There are several challenges with programmatic CTV that need to be overcome: profile contamination, the account borrower problem, and weak signal data. All are leading to potentially wasted ad spend.
The Three Challenges of Programmatic CTV
Before we can fix the problem, we have to be honest about it. Television is a communal media format, and its advertising is often one-to-many. As a result, the data fueling most open programmatic CTV campaigns suffers from three core challenges.
- Profile contamination: The appeal of most FAST services is that they’re frictionless (ie, no login required). While this is great for users, it’s a disaster for targeting. With no individual user profiles, all viewing habits in a home are blended into a single, muddled household profile. One person watches horror movies, and their partner watches rom-coms. The resulting programmatic household profile is a contradictory mess, and any advertiser targeting horror fans has a 50% chance of being wrong.
- The account borrower problem: Even on paid services, the person watching is often not the account owner. Fifty-six percent of Americans admit to sharing passwords and 20% of US households borrow at least one service from another. Your campaign, programmatically targeted to reach a 45-year-old high-income account owner, is just as likely to be seen by their 75-year-old retired parents.
- The weak signal problem: To compensate for this lack of data, other solutions rely on weaker, probabilistic guesses. This involves taking a household IP address and matching it against offline data, like a three-year-old auto registration or a two-year-old credit score. This data is outdated, telling you what a household was interested in, not what an individual is interested in right now.
The solution? A one-to-one model approach. Improve CTV targeting accuracy by meeting each viewer where they are. Collect relevant, high-intent data from individuals within households to inform ad buying decisions on the bigger screen.
The ‘one-to-one device’ truth signal
The fundamental flaw in CTV targeting is that it often starts with this messy, low-quality CTV data. Marketers need to obtain relevant, accurate data to make their CTV targeting the most effective. To do this, they need to start where audience truth lives, on their personal devices.
That means pivoting to where data is captured on one-to-one devices to gain a true reflection of individual users within a household, a better understanding of what audiences are engaging with, and where brands can influence purchase decisions.
For instance, knowing that a user has read three articles about new electric cars on their tablet, or browsed for luxury travel destinations on their mobile phone, is a powerful signal of individual intent, not a guess nor muddled with others in the household. Moving from guesswork to a consented, one-to-one action or a ‘truth signal’, allows for better understanding of who is present when CTV content is consumed.

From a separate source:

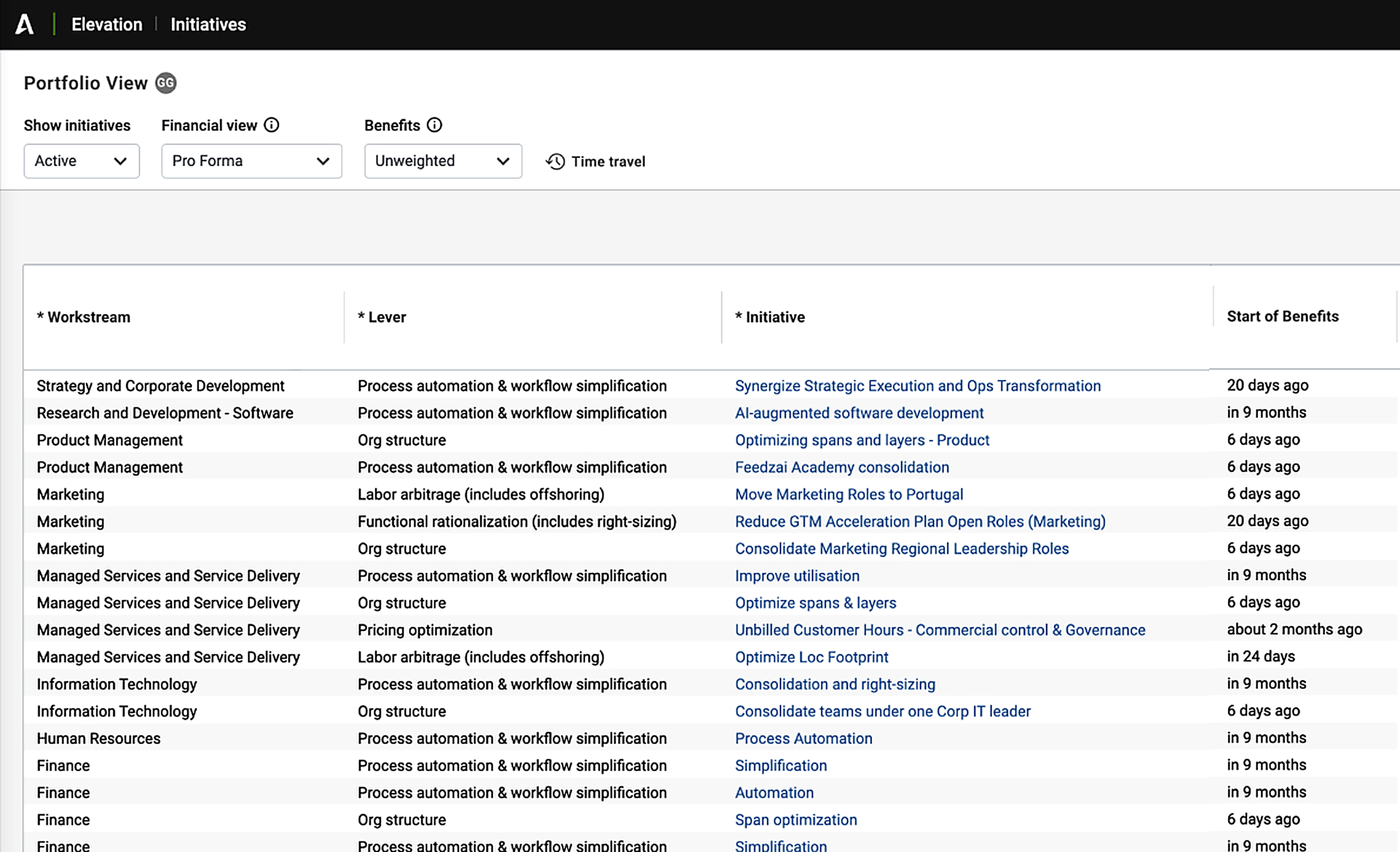 Elevation combines the rigor of AlixPartners’ proven transformation methodology with modern technology to help teams turn plans into measurable results.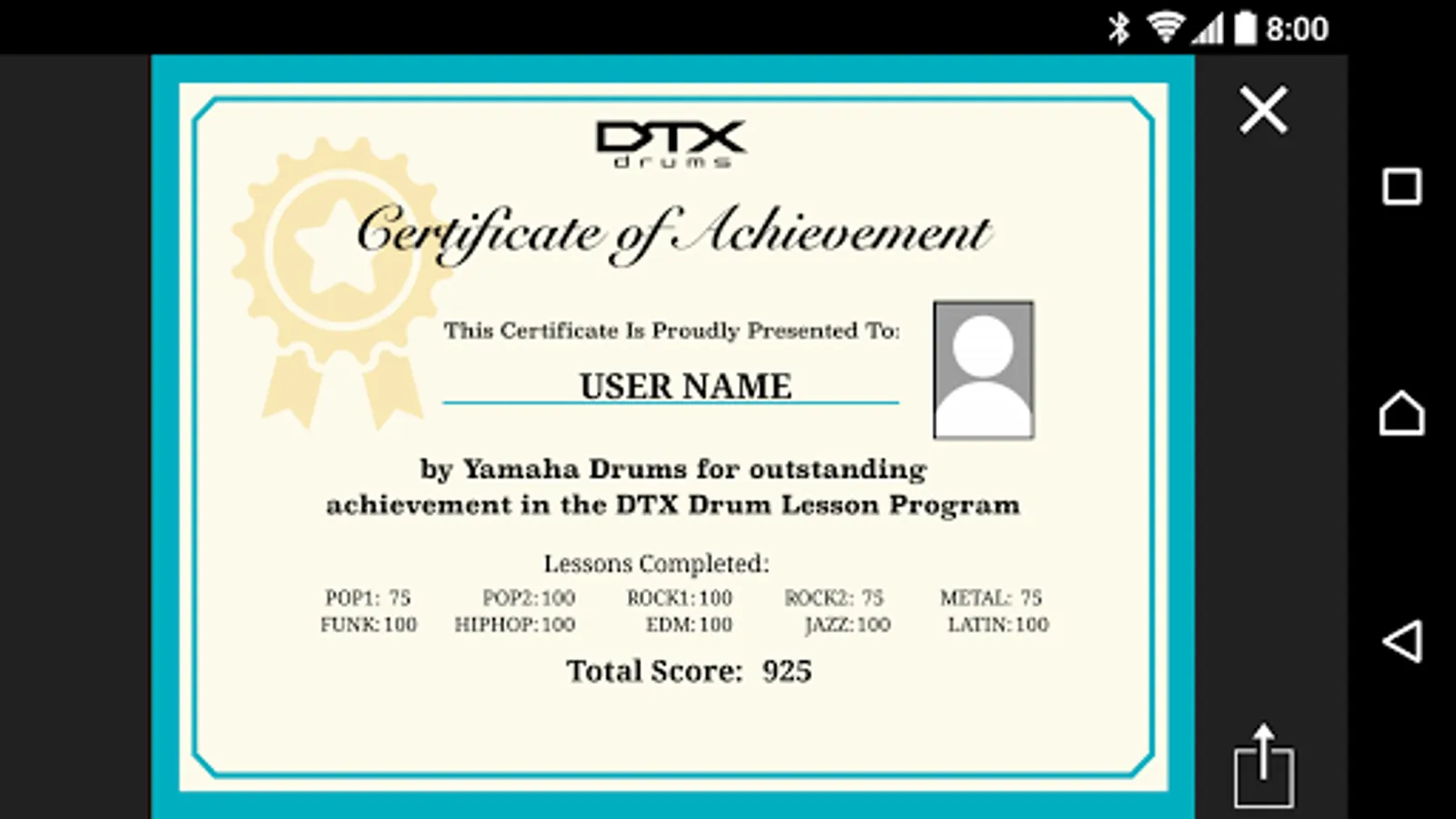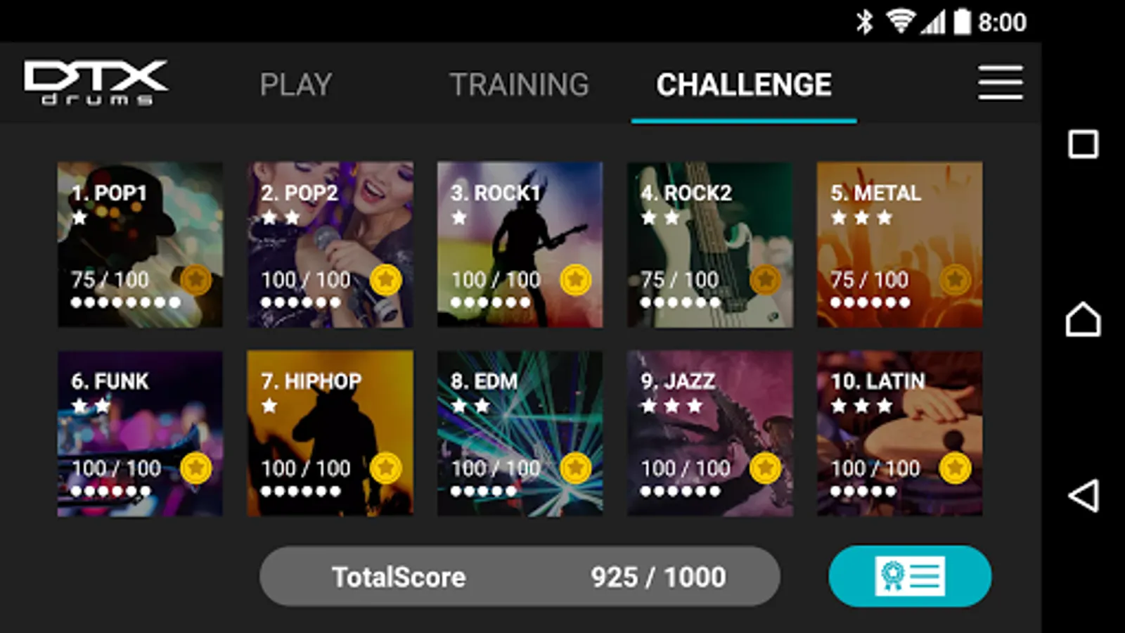 “Challenge Mode” is a new function on the DTX402 Touch that tests your skill. If you can play all 10 practice songs without making a mistake, you will receive a “Drummer’s Certificate” from the Yamaha DTX drum team that you can share via social media.

That’s the direction that CTV audience targeting needs to start moving in.
Understand the individuals within households by nature of content consumption on one-to-one devices and then use it to build a household picture that accurately informs what is shown on the living room screen. This, in turn, makes CTV advertising highly targeted and relevant. The result — speaking to the right people at the right time in their purchase journeys.
Accuracy, not guesswork: why the one-to-one model wins
This ‘one-to-one in household’ model is a fundamentally more accurate and effective way to buy CTV. It directly solves the three core challenges of the industry.

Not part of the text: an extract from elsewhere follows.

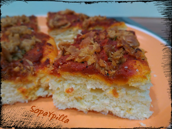 Sofrito: 250g. tomate triturado, 2 cebollas, 1 zanahoria, 2 ajos, 2 latas de atún, 1 cta. bicarbonato, sal, aceite y orégano.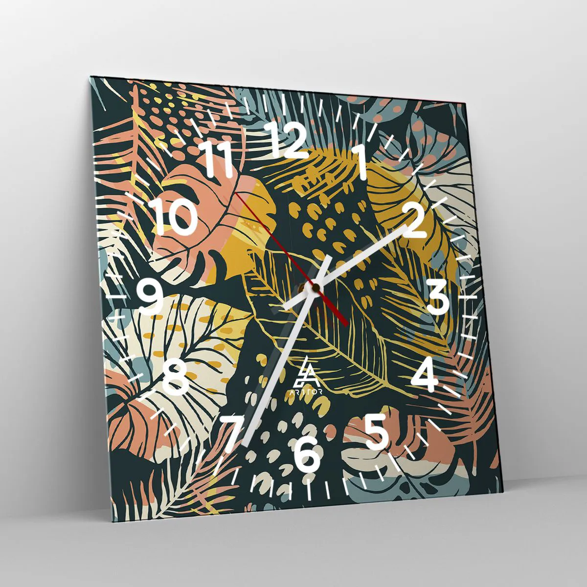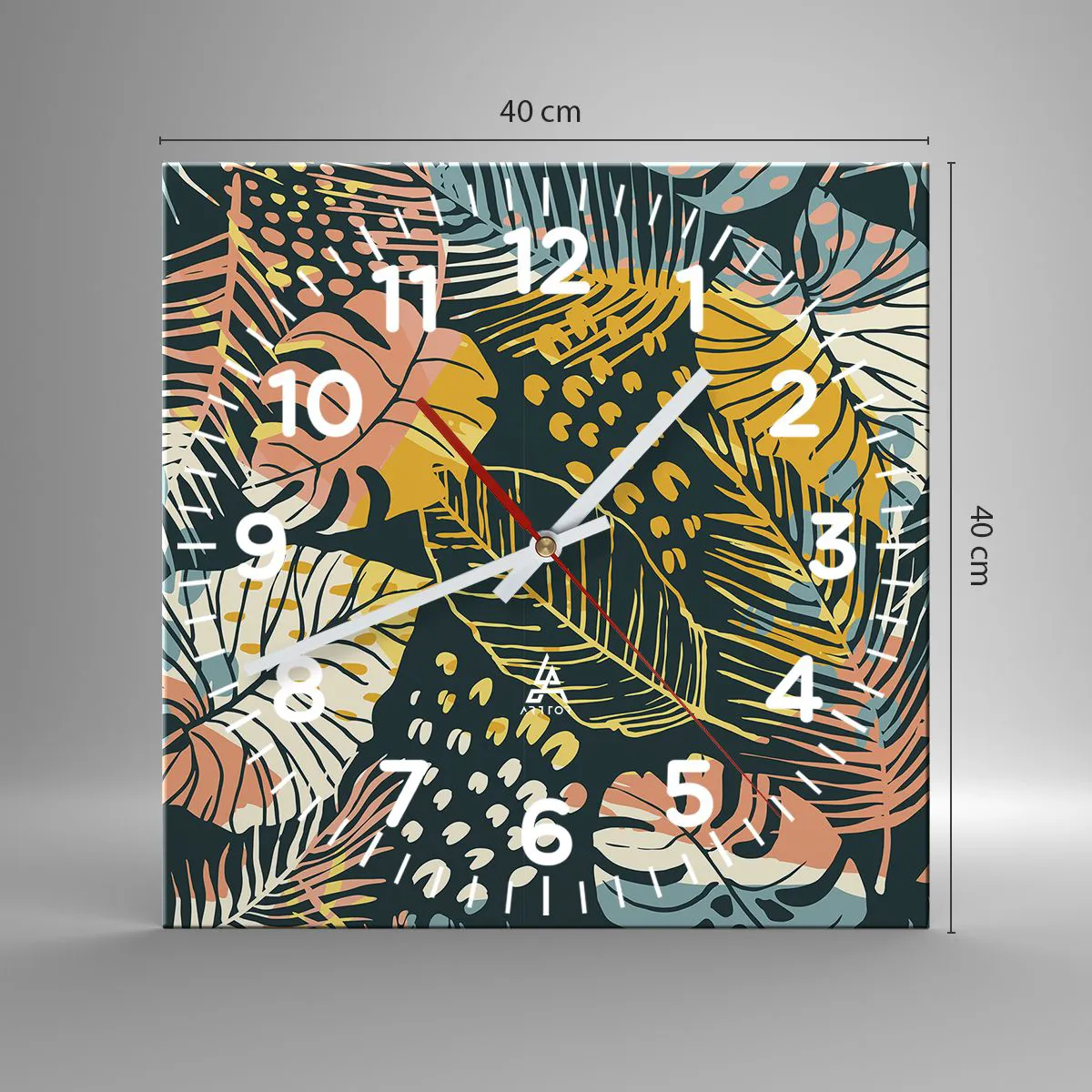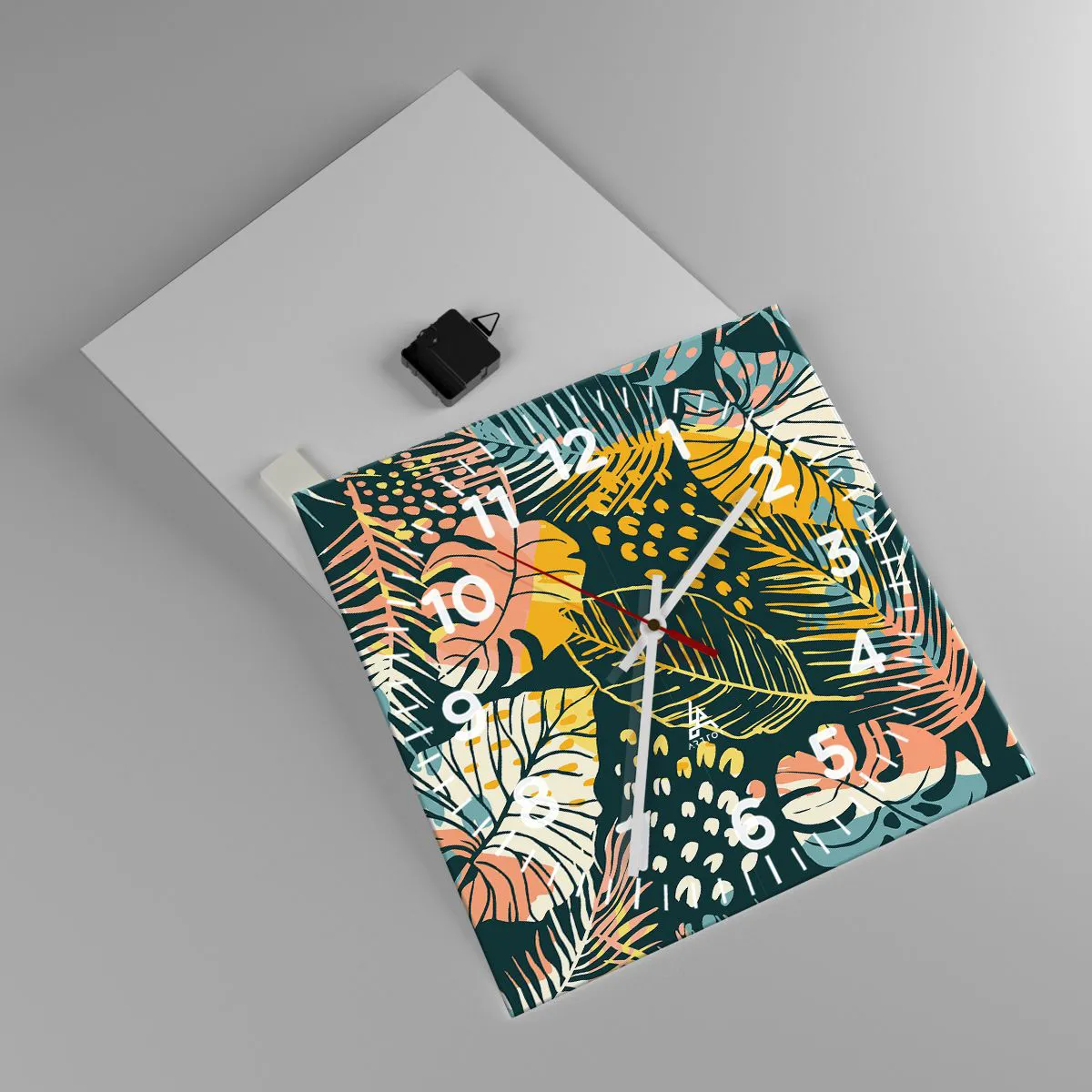 Ceas de perete - Ceas pe sticlă - Fantezie cu frunze - 40x40 cm

With this model, it no longer matters if profiles are contaminated — if a household has both a fantasy film lover and an avid documentary watcher — as the data paints a more complete picture of individuals within a household.
It also solves the weak signal problem, as targeting becomes based on recent specific user activity, as well as the account borrower issue, because data from personal devices can identify individuals within a household.

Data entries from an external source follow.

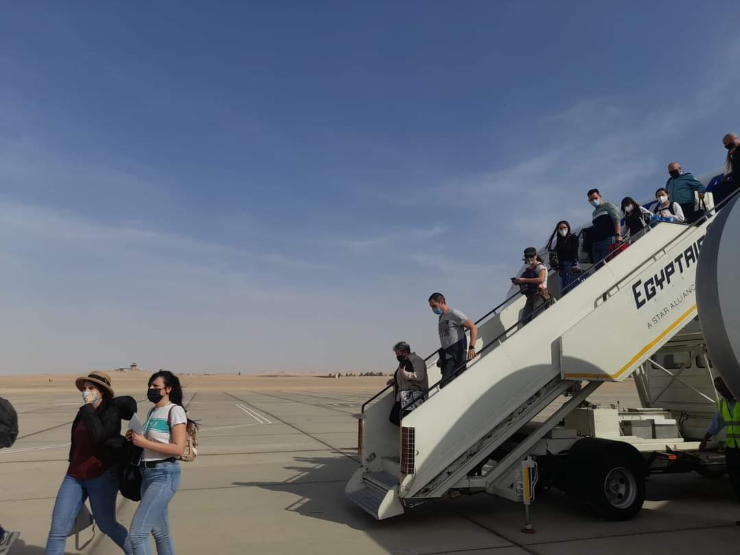 وصول أولي رحلات مصر للطيران إلي مطار الخارجة بالوادي الجديد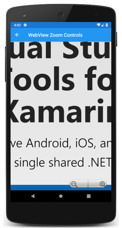 WebView.On<Android> 方法指定这一平台特定功能仅可在 Android 上运行。 Xamarin.Forms.PlatformConfiguration.AndroidSpecific 命名空间中的 WebView.EnableZoomControls 方法用于控制是否在 WebView 上启用捏合缩放。 同一命名空间中的 WebView.DisplayZoomControls 方法用于控制是否在 WebView 上覆盖缩放控件。 此外,WebView.ZoomControlsEnabled 和 WebView.ZoomControlsDisplayed 方法还可用于返回是否分别启用捏合缩放和缩放控件的结果。
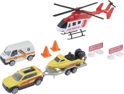Helikopter, vejredning, 4x4 med træk, båd/jet ski med trailer og nødstilbehør – alt klar til actionfyldte missioner på vand og land.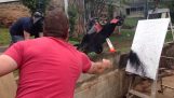 Μια όμορφη ζωγραφιά ενός νυχτερινού τοπίου με τη χρήση σπρέι και άλλων μη συμβατικών μεθόδων.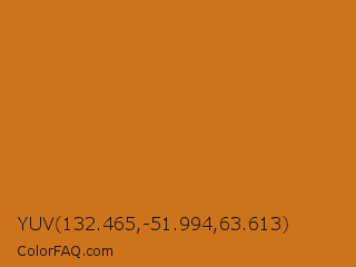 YUV 132.465,-51.994,63.613 Color is a normal orange color and the nearest color is Ochre #cc7722. Hex code #cd741b and RGB value is rgb(205,116,27). In RGB color space, this color is composed of 80% red, 45% green, 11% blue, In CMYK color space, this color is composed of 0% cyan, 43% magenta, 87% yellow , 20% black , In HSL color space, this color has a hue angle of 30° , 77% saturation and 45% lightness.
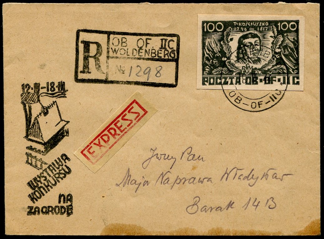 1944 150 rocznica powstania kościuszkowskiego, ekspresowy list polecony , znaczki unieważnione kasownikiem okolicznościowym "Góra św. Anny", gwarancja. | Fi.30, 37 |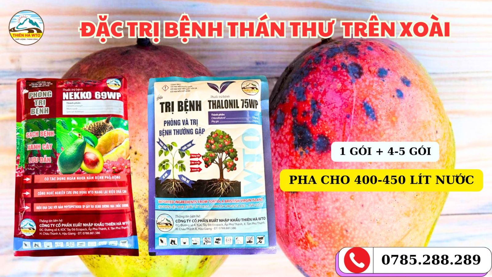 Quý bà con có thể sử dụng 4-5 gói TRỊ BỆNH kết hợp với 1 gói PHÒNG TRỊ BỆNH pha với 400 – 450 lít nước phun cho cây để đặc trị bệnh thán thư trên cây xoài.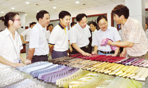 7月15日下午,郭敏、何加顺、盛秋平、温暖等嵊州市和新昌县党政主要领导在达利丝绸(浙江)有限公司老总(右一)林平的陪同下,参观了达利丝绸精品展厅。嵊州、新昌两县(市)的党政领导交流了两地工作情况,就进一步推进嵊新区域集约发展交换了意见。 (来源:绍兴网)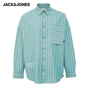 杰克琼斯休闲百搭宽松条纹尖领长袖衬衫衣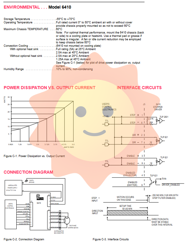 For standard 1.8 ° two-phase stepper motors, the 6410 supports step resolutions ranging from full steps (200 steps/rev) to 1/250 steps (50000 steps/rev).

Stop buying muddled profiles
The promise of CTV is real, but it won’t be achieved with muddled data and outdated guesses. Marketers need to stop buying anonymous household profiles and start reaching verified, high-intent individuals.
The key to accurate CTV targeting isn’t starting with the CTV — it’s starting with the individual. It’s why we’ve built Teads’ CTV Audiences to identify the relevant, one-to-one targeting signals from personal devices, allowing advertisers to extend that accuracy to the biggest screen in the home.
Households are full of individuals with different viewing habits, interests, and sometimes conflicting ideas of entertainment. We all have to raise our data game to better reflect that.